Each morning Sumnicht's knitters grab their needles and yarn and gather around her rocking chair for reading. It all started for her class with one student offered a knitting lesson by Sumnicht. Before long, most of the class was hooked.

"I saw I think Owen and Andrew knitting, so I just wanted to learn how," said Davi Sapiro-Gheiler, a student in Sumnicht's class.

These days if the students aren't talking about knitting, they're writing poems about knitting. Earlier this year they raised 200 dollars for "Kids Against Hunger" by selling bookmarks and coffee cozies they knitted.

"They'd take their knitting home at night. They'd come back to school the next morning with three or four bookmarks," said Sumnicht.

Not every school subject is knitting conducive during classroom instruction, but Sumnicht believes something calming happens when needles and yarn are placed in busy third and fourth grade fingers.

"I take my knitting to workshops," she said, "and somebody would say to me at one time, they thought it was rude that I was knitting, and I said, 'if I weren't knitting I wouldn't be paying attention.'"

Calming, it turns out, is sometimes a necessary prescription for the teacher too.
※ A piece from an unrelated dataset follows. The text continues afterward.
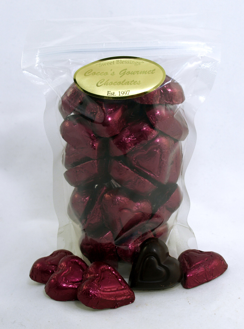 Our solid all natural premium dark chocolate shaped hearts have a 72% high cocoa content and are rich, creamy and flavorful! These mini hearts are individually wrapped in Cabernet colored Italian foils.They satisfy consumers growing need for the nutrition pure cocoa offers.They are the perfect treat for yourself! Bulk 8 oz. Ideas: "Treat Yourself", use in a candy dish, party platter or scatter across a set table. Customers say: " These are so rich and creamy!"Chocolate is made in the USA. Preservative Free.Kosher. Vegan.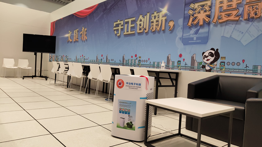 純物理方法殺滅新冠病毒的空氣凈化器在國(guó)家會(huì)展中心(上海)第三屆進(jìn)博會(huì)10000平方新聞中心安裝完畢,以及新聞中心全體工作人員人手一份的殺滅新冠易呼吸口罩伴侶已送到指定地點(diǎn),寧波中冶電子科技公司為進(jìn)博會(huì)新聞中心安全防疫保駕護(hù)航!

A few weeks ago Sumnicht was diagnosed with breast cancer. Lessons she has shared in the classroom also apply outside it.

"This is what I did at the doctor's office yesterday," says Sumnicht holding up a new project already well under way. "And the nurse said 'we don't normally get blood pressure that low for these meetings.'"

On her last day with her class before surgery, in her last year before retirement, it's already apparent there's a little of Sumnicht in her students. "I'll probably knit the rest of my life," Alaina Bohrer reveals as she sits on the carpeted classroom floor, her needles in hand. "I'll always think of her when I knit."

Sumnicht expects to be back with her class the last full week of May. Back in a class, bound for life.